After Bill Schneider's lecture we had lunch in the Lido Cafe. We did want mention that from 11:30 AM to 1:30 PM the executive chef and the galley team created a wonderful Viennese Brunch Buffet.
After lunch, Keith played two hours of Paddle Tennis for the second time of this voyage. Anne Marie walked for one hour outside the ship.
In the afternoon Expedition Lecturer Nigel Redman spoke about the Birds of the North West Passage. She noted that in the summer, huge numbers of birds visit the arctic region and she spoke about the birds that do visit this region.
Later in the day, Tim Soper and the Expedition Team will provide us with a recap and a briefing on our arrival to Cambridge Bay.
Keith & Anne Marie
We will start off with yesterday in a moment but we did want to say how wonderful our visit to Ulukahktok has been and to congratulate Crystal Cruises and the Expedition Team on being so very organized. There were so many people from the Serenity crew that assisted us. This started with Assistant Shore Excursion Manager Joyce at the designated meet up location. When it was time to go to the Zodiac Platform we were escorted from the lounge to the stairwell and down to Tender Deck number 4. There were lots of Crystal Crew members at designated spots reminding us to be careful walking down the steps and directing us. Several members of the crew were on hand to give us and help put on our life jackets. Then we walked down to Crew Deck 3 and security swiped our room cards and there were plenty of crew to safely help us on the Zodiac. Twenty guests and one Zodiac driver were on the Zodiac. We were then driven over to the beach area where we did what we had learned a few days ago and were reminded again today. We moved carefully to where we would get out of the Zodiac, lifted our legs towards the sea and got out of the Zodiac and walked a few feet in water.

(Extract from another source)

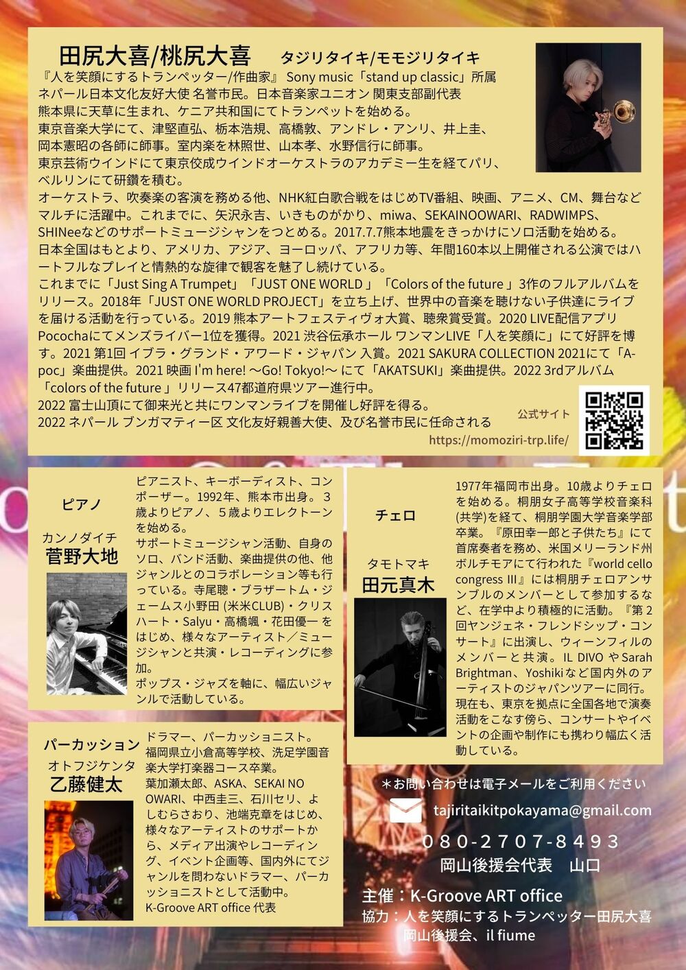 透明感のある美しい音色と圧倒的な表現力、心をゆさぶる素敵なメロディーのオリジナル曲で人を癒し人を笑顔にするトランぺッター田尻大喜。

There were lots of personnel to assist those who needed help. Our rental boots worked flawlessly. We then waited for everyone and we were escorted up to the Village and the guide was very helpful pointing out key places to visit.
We will discuss those later. While we were there were lots of personnel from the expedition team available to answer any and all questions.
A similar process was used for our return. Twenty of us were placed in a Zodiac about five minutes after we returned to the beach zodiac drop off/pick up point. We road back to the ship. We were assisted out of the Zodiac by several Crystal crew members. We were welcomed back by Shore Excursion Manager Daniel who asked us how our visit went. We loved it. We went through secrurity and then we walked thru three buckets (oblong) with water to clean our boots and then we were able to dry them on a rug that was placed on the floor for that purpose. We were welcomed back by other crew members and as we walked up the stairwell we were greeted by other crew members.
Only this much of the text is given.